### SUPPLIED RECORDS ###
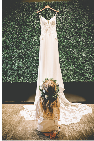
Central Park $1,200.00

(5) hours of photography coverage on day of event (1) photographer for the event (1) custom engraved USB with all edited images
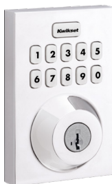
Polished Chrome 26
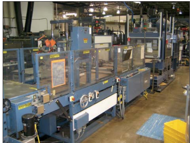
Kabar 25" Web Fed Creasing Machine
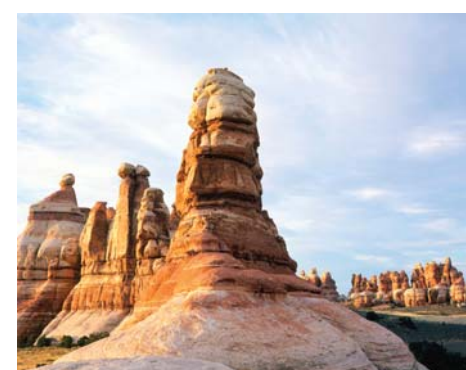
Rock spires in Chesler Park
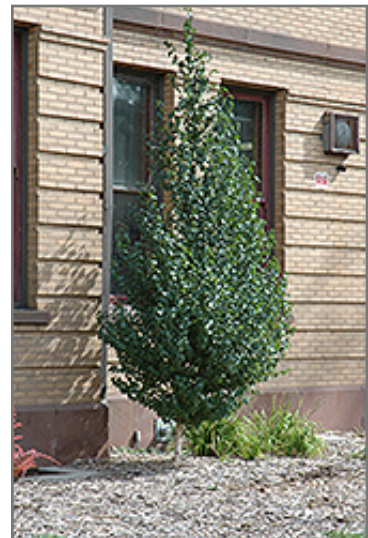
Dakota Pinnacle Japanese White Birch
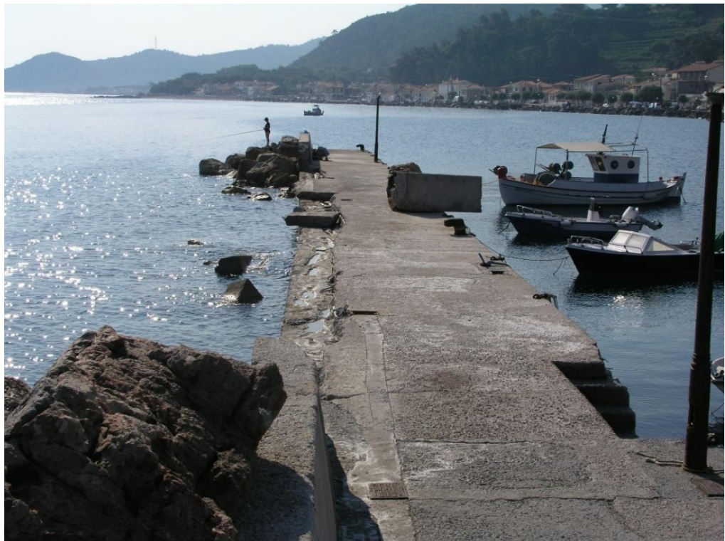
Fig. 3. The harbour mole of Agios Konstantinos (Samos) view from the west. Damage in the protective wall and missing boulders from the seaside part of the mole can be
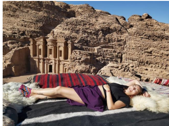
Petra - Wadi Musa
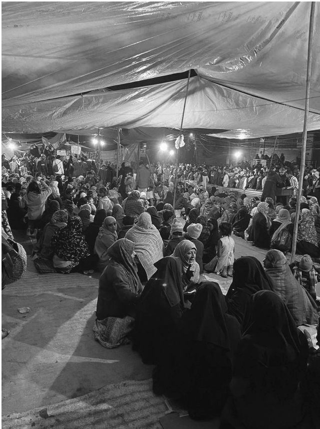
Figure 1: Protesters at Shaheen Bagh.

The popular sentiment that “something” has changed since the formation of the two BJP-led governments (in 2014 and 2019) has taken strong root. However, just as palpably, there is the perception that “ordinary” citizens—such as those at Shaheen Bagh—have begun to raise their voice against the dilution of constitutional ideals that, putatively, guide the conduct of governance and relationships between the state and its citizens. “Constitutional values” and their defense by “ordinary”
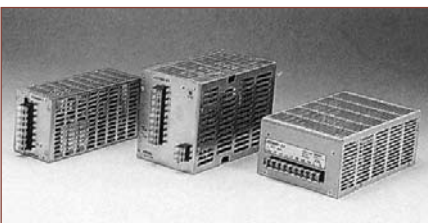
AD240, AD480, AD960
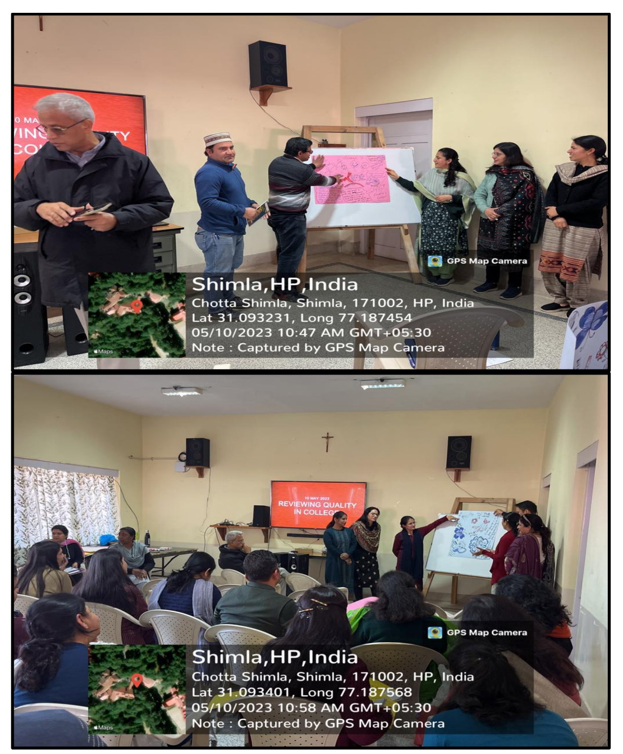
Faculty Development Programme on May 10, 2023
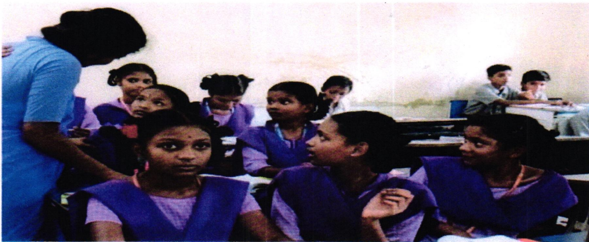
Awareness on Road Safety and School children, Dakkilivari Palem on 28 Dec 2023

On December 28, 2023, the NSS Unit of Narayana College of Nursing will organize a program focused on Road Safety for school children at Dakkilivari Palem. The initiative aims to educate participants about various types of traffic and raise awareness of potential dangers associated with road use. All faculty members and IV-year nursing students are encouraged to actively participate in this important program. The event will feature informative sessions on traffic rules, safe crossing practices, and the importance of pedestrian safety. Interactive activities will engage children and reinforce key safety messages. By fostering awareness and understanding of road safety, the program seeks to empower children to navigate traffic safely and responsibly. Overall, this initiative highlights the critical importance of road safety in protecting young lives. 99 participants and 45 village peoples are benefited through this program
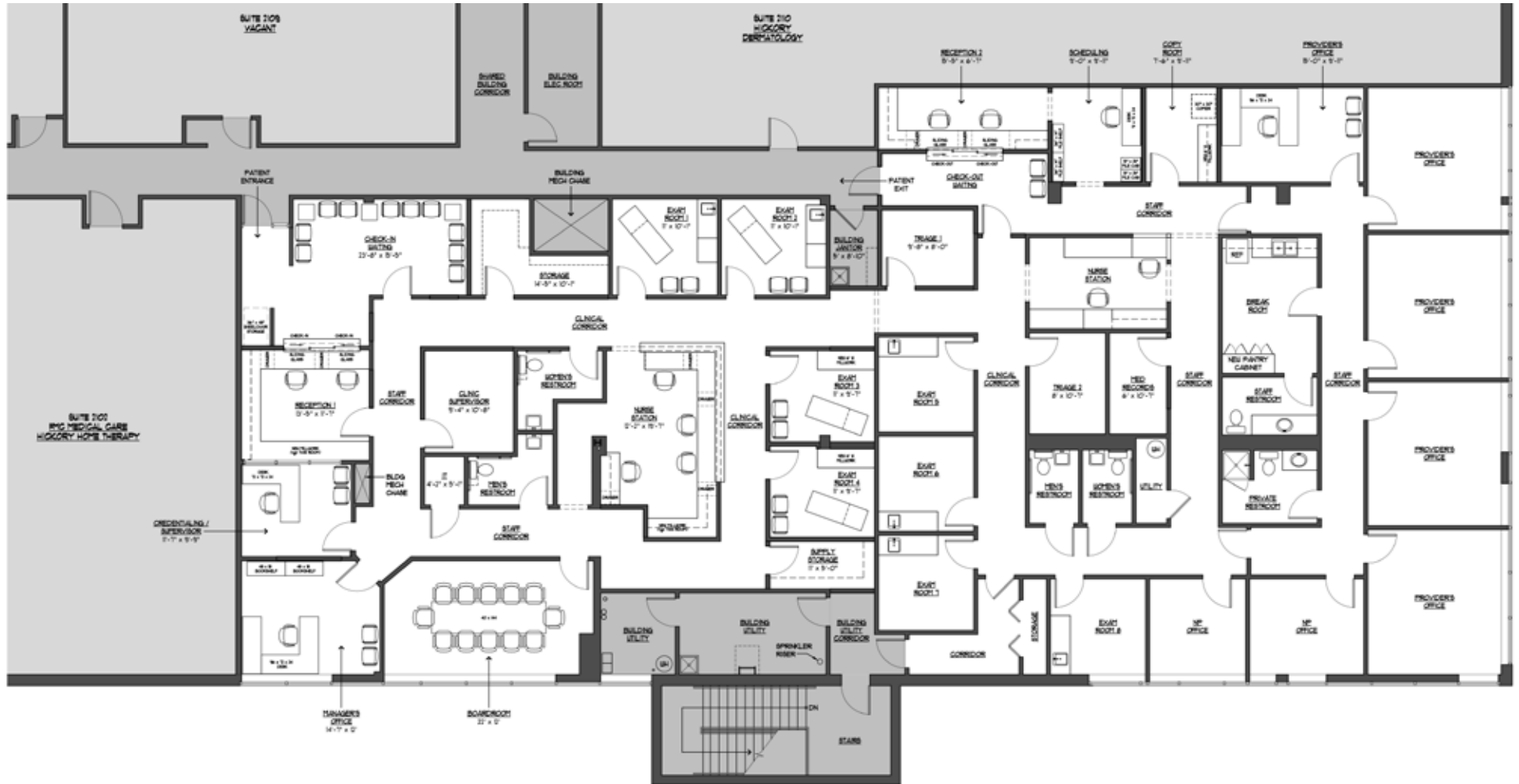
*POSSIBLE PLAN FOR COMBINING SUITES 2101 & 2108
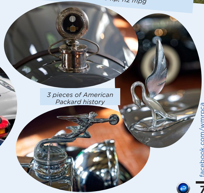
3 pieces of American Packard history
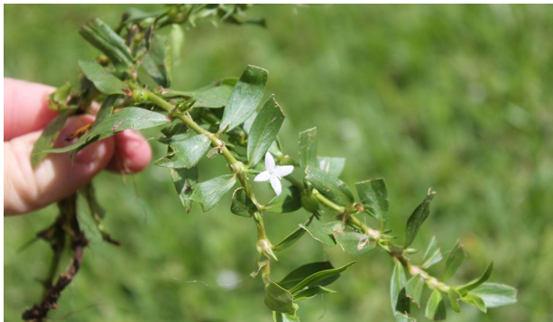
Virginia Buttonweed Diodia virginiana L.
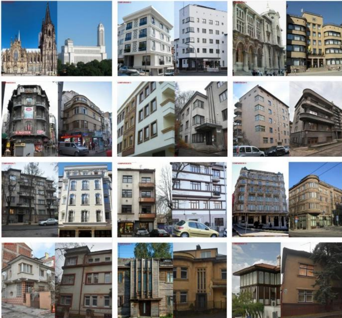
Fig 5: The comparisons which have been demonstrated

An example of the usage of merged images in more detail is demonstrated in Figure 6.
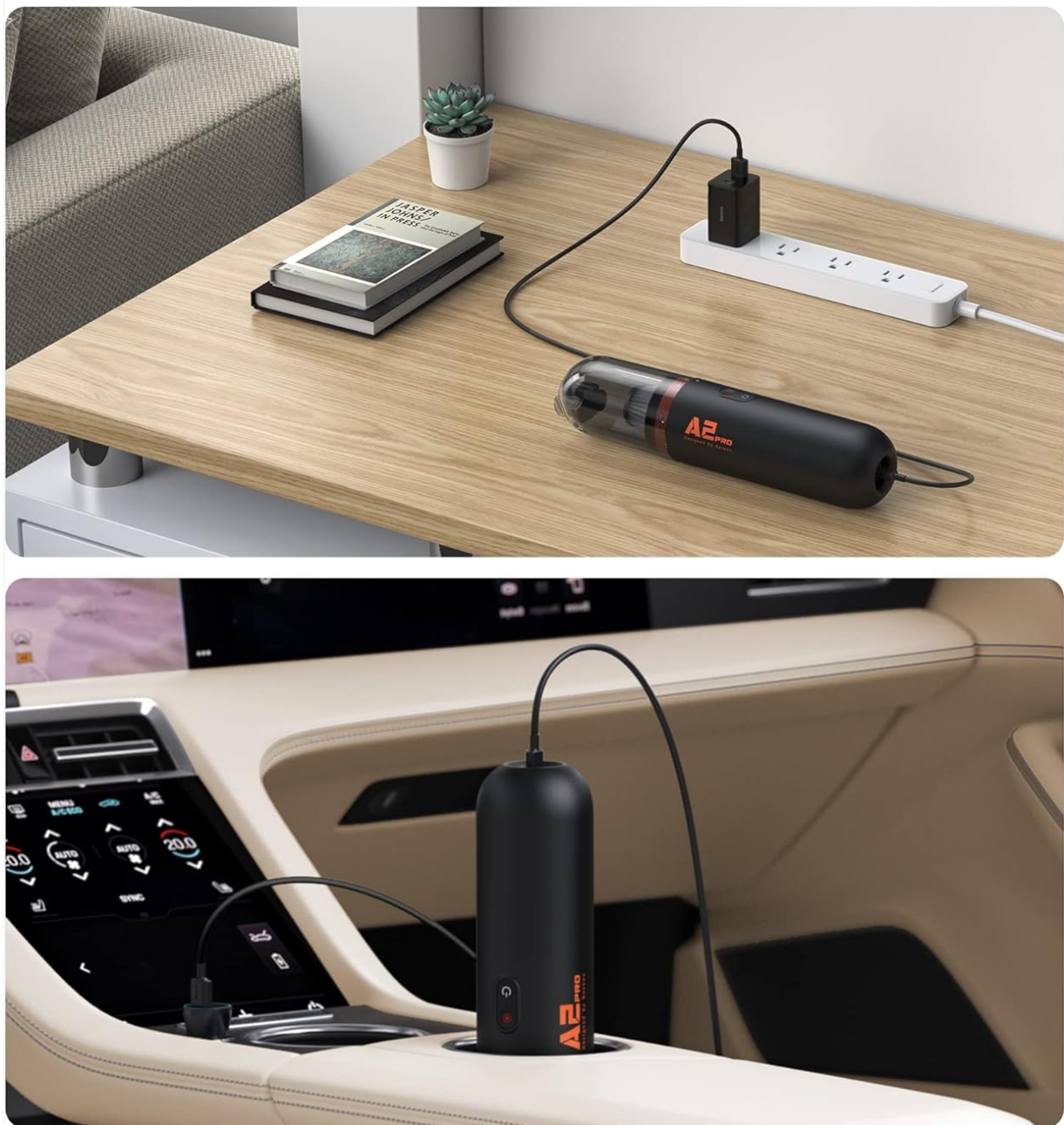
Figure 4.1: Charging the Baseus A2 Pro in different environments.

Fully recharges in 3 hours with the type-C port
###
• WORK TO BE COMPLETED: Leaving each picture behind, please give again exactly the lines above from the one with "Rock spires in Chesler Park" through the one with "Awareness on Road", both included, and no others.

• OUTPUT BELOW:
Rock spires in Chesler Park
Dakota Pinnacle Japanese White Birch
Fig. 3. The harbour mole of Agios Konstantinos (Samos) view from the west. Damage in the protective wall and missing boulders from the seaside part of the mole can be
Petra - Wadi Musa
Figure 1: Protesters at Shaheen Bagh.

The popular sentiment that “something” has changed since the formation of the two BJP-led governments (in 2014 and 2019) has taken strong root. However, just as palpably, there is the perception that “ordinary” citizens—such as those at Shaheen Bagh—have begun to raise their voice against the dilution of constitutional ideals that, putatively, guide the conduct of governance and relationships between the state and its citizens. “Constitutional values” and their defense by “ordinary”
AD240, AD480, AD960
Faculty Development Programme on May 10, 2023
Awareness on Road Safety and School children, Dakkilivari Palem on 28 Dec 2023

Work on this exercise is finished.